There are some words we don’t say anymore.
When was the last time you heard someone use “fortnight” in a sentence—including a movie? How about “alas” in any serious setting? Recall when you or someone close to you said something to the effect of, “Alas, our entire relationship last but a fortnight.” It’s a beautiful way to say it, but we just don’t talk that way anymore.
Fortunately, we have other ways to express the same idea, even if not as poetically.
Then there are words we don’t use much anymore for which we don’t have a simple way to express the same idea. One of those words is “covenant”.
If we ever hear this word, it’s in the context of a wedding (“covenant of marriage”) or in a church service. Rarely, however, is this word and concept defined.
A covenant is an agreement or contract between two or more people connecting them to each other for mutual advancement of whatever they are agreeing or making a contract on. Technical, huh? Here’s how this works out in the typical uses we (might) hear.
In marriage, it means an agreement between the husband, wife, and God connecting them for the advancement and success of the marriage.
In “church settings”, it refers to God’s gracious decision to benefit and bless us. Specifically (and usually), it refers to God’s gift of His promises and provisions in order to give us life.

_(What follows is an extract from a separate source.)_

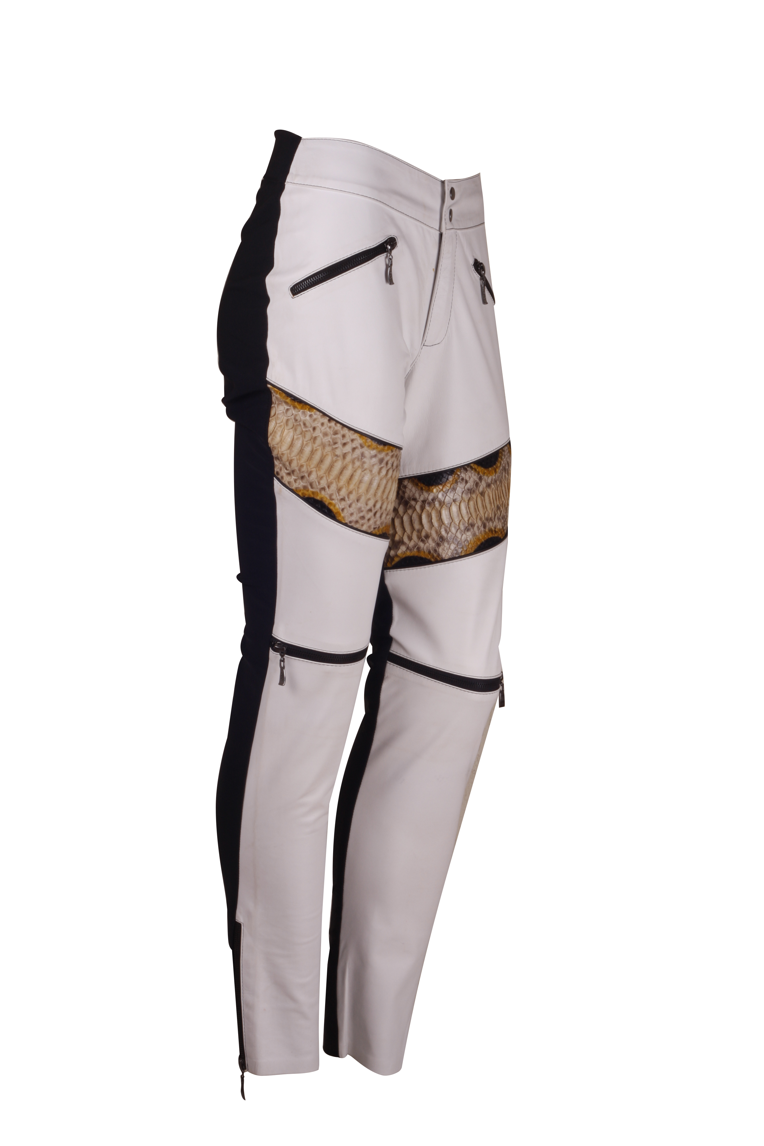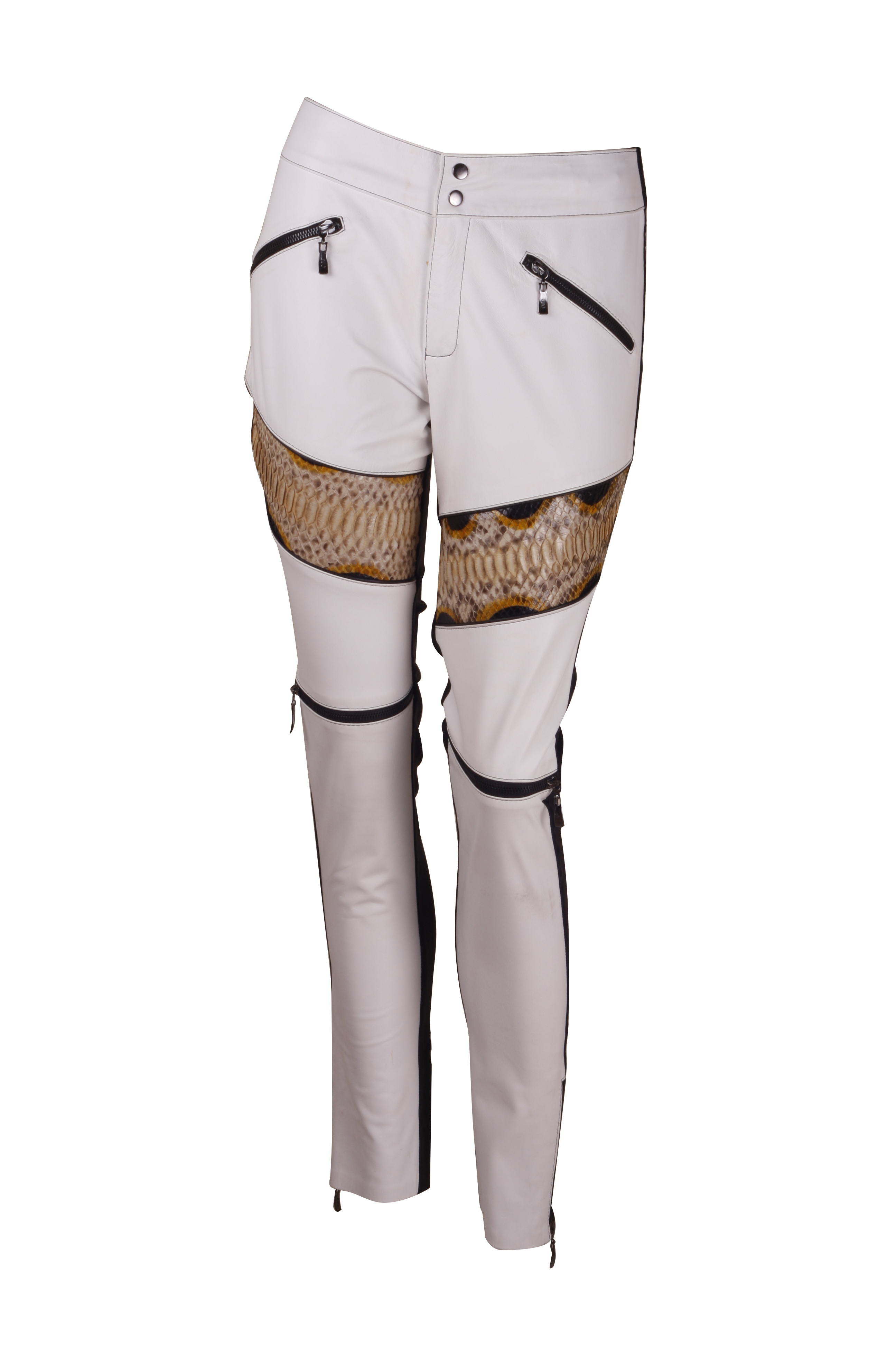 Calça justa, em pele de cabra branca, com detalhe exclusivo na perna de 1/2 metro de cobra python pintada a mão nas tonalidades de Amarelo, preto e Offwhite.

If you’re still reading, you’re probably asking, “Why does this matter?”
Because God never, never, never, never, never breaks His covenants. Ever.

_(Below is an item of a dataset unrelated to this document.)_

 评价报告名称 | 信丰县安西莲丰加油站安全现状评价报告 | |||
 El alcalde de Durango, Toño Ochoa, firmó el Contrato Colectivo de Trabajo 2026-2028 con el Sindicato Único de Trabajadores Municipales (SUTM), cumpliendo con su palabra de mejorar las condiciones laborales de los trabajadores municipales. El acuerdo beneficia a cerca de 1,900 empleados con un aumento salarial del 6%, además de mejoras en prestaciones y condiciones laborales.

As we continue in Psalm 89, read of God’s faithfulness in His covenant in 19-29:
Once you spoke in a vision, to your faithful people you said: “I have bestowed strength on a warrior; I have raised up a young man from among the people. I have found David my servant; with my sacred oil I have anointed him. My hand will sustain him; surely my arm will strengthen him. The enemy will not get the better of him; the wicked will not oppress him. I will crush his foes before him and strike down his adversaries. My faithful love will be with him, and through my name his horn will be exalted. I will set his hand over the sea, his right hand over the rivers. He will call out to me, ‘You are my Father, my God, the Rock my Savior.’ And I will appoint him to be my firstborn, the most exalted of the kings of the earth. I will maintain my love to him forever, and my covenant with him will never fail. I will establish his line forever, his throne as long as the heavens endure.
As a matter of historical reality we might be temped to dismiss the significance of this but there’s something amazingly HUGE in all of this. God the Father made a covenant with David (in the Old Testament) and a plan was set in motion in a life-altering way.
The human line of kings was broken but God didn’t break His promise. Quite the contrary, the Father gave us the ultimate son of David in Jesus. Matthew 1 demonstrates the lineage of Jesus. Not only does He have the legal rights to the throne of David, He has the spiritual ones as well.
Salvation for the world is bound up in this concept of covenant and the promise God made to King David. That’s what is sung about here in Psalm 89:19-29. It reminds us of a life-giving truth:
God the Father made an agreement with humanity to provide a way out of His wrath by the life of His Son, Jesus.
Covenant: now that’s a word we as disciples of Jesus need to never forget!